The British film industry is overflowing with a wealth of talent, which is what makes its poor output of quality movies so maddening. While there’s never been a short supply of stuffy period dramas and gritty gangster flicks, very few other genres have managed to find much success overseas. Evan Creevy’s sophomore effort, “Welcome to the Punch,” attempts to bridge that gap by delivering a Hollywood-style crime thriller on an indie budget, but although he’s landed an impressive cast of A-list British talent, it’s mostly squandered on a bland and overly predictable script. “Welcome to the Punch” displays a lot more potential than the recently released “The Sweeney,” but it still falls short due a lack of suspense and personality.

Ambitious young detective Max Lewinsky (James McAvoy) is hot on the trail of master thief Jacob Sternwood (Mark Strong), but after tracking him down to the scene of his latest heist in progress, Sternwood manages to escape and Max gets a bullet in the kneecap for his troubles. Three years later, Jacob is still coping with the events of that night (the scar and accompanying knee pain a constant reminder of his failure), but when Sternwood’s son is fatally wounded during a gun deal gone wrong, Sternwood emerges from his Icelandic hideaway to smoke out the men responsible. Convinced that Sternwood’s vendetta will lead him back to London, Max is given another chance to capture the elusive criminal, only to uncover a deeper conspiracy within his own police department connecting the two crimes.

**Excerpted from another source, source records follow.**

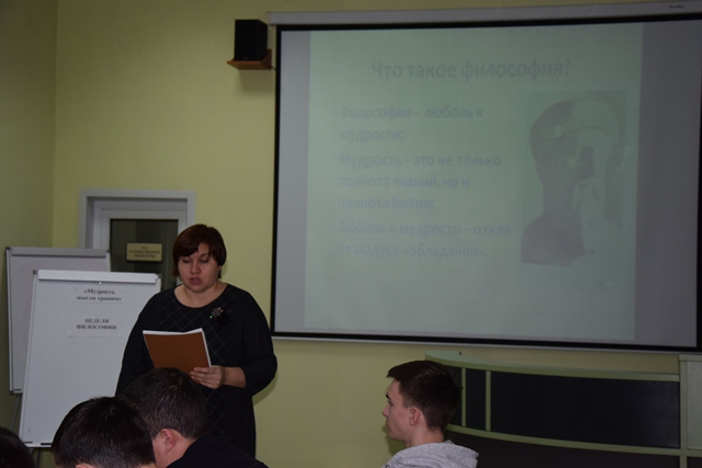 Неделя философии проводится с целью - показать и научить студентов критически воспринимать тот мир, в котором мы живем, понимать, как формируются те понятия, которые мы используем в науке, политике или повседневной жизни. Тема недели - «О чем спорят философы сегодня?» В библиотеке колледжа Елена Анатольевна Мазная подготовила иллюстративно-книжную выставку «Мудрость мысли храним... Философия» и провела тематический час «Философия на все времена», посвященный основам философских знаний.
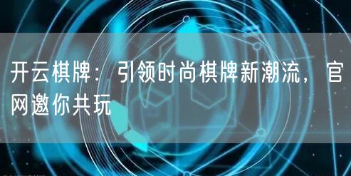随着互联网的快速发展,人们的娱乐方式也在不断地更新迭代。作为一种经典的智力竞技运动,棋牌类游戏一直深受人们的喜爱。而如今,开云棋牌以其独特的魅力和创新的游戏玩法,引领着时尚棋牌新潮流,成为众多棋牌爱好者的首选。
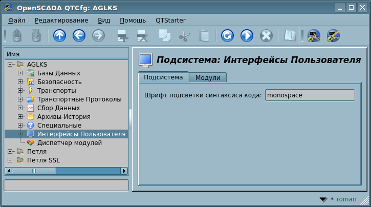 Подсистема "Пользовательские интерфейсы" является модульной и её модульным объектом выступает собственно конкретный интерфейс пользователя. Модульность подсистемы позволяет создавать различные интерфейсы пользователя на разных GUI/TUI библиотеках и использовать наиболее оптимальное решения в конкретно взятом случае, например, для среды исполнения программируемых логических контроллеров можно использовать конфигураторы и визуализаторы на основе Web-технологий (WebCfg, WebCfgD, WebVision, WebUser), а в случае стационарных рабочих станций использовать те-же конфигураторы и визуализаторы, но на основе библиотек вроде Qt (QTCfg, Vision).

“Welcome to the Punch” is slightly reminiscent of Michael Mann’s cat-and-mouse thriller “Heat,” but Creevy’s movie pales in comparison. While it boasts a similar visual style to a lot of Mann’s films – saturated in a slick and steely blue hue – the tension is almost non-existent, and although there’s an interesting dynamic at play between McAvoy’s cop and Strong’s robber, it’s never fully explored, nor does it have the same allure of seeing Hollywood heavyweights like Robert De Niro and Al Pacino face off against each other. All of the characters are fairly one-dimensional, and despite a supporting cast that includes Peter Mullan, David Morrissey and Ruth Sheen, they’re absolutely wasted in throwaway roles. British crime movie fixture Jason Flemyng’s blink-and-you’ll-miss-him appearance is perhaps the most egregious of the bunch.

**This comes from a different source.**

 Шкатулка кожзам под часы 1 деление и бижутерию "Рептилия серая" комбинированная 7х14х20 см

This is a film in dire need of a better script, because not only does it lack punch (especially for a movie with the word in its title), but it’s too complicated for its own good. Creevy may have been aiming to create an intricate, politically-fueled conspiracy that would keep the audience guessing, but instead, he’s ended up with a tangled mess of half-baked ideas and telegraphed plot twists that doesn’t do a particularly good job of explaining anything. A generic crime thriller in just about every way, “Welcome to the Punch” looks great and features a couple of nifty gunfights, but it’s ultimately a case of style over substance, and one that its top-notch British ensemble is unable to rescue.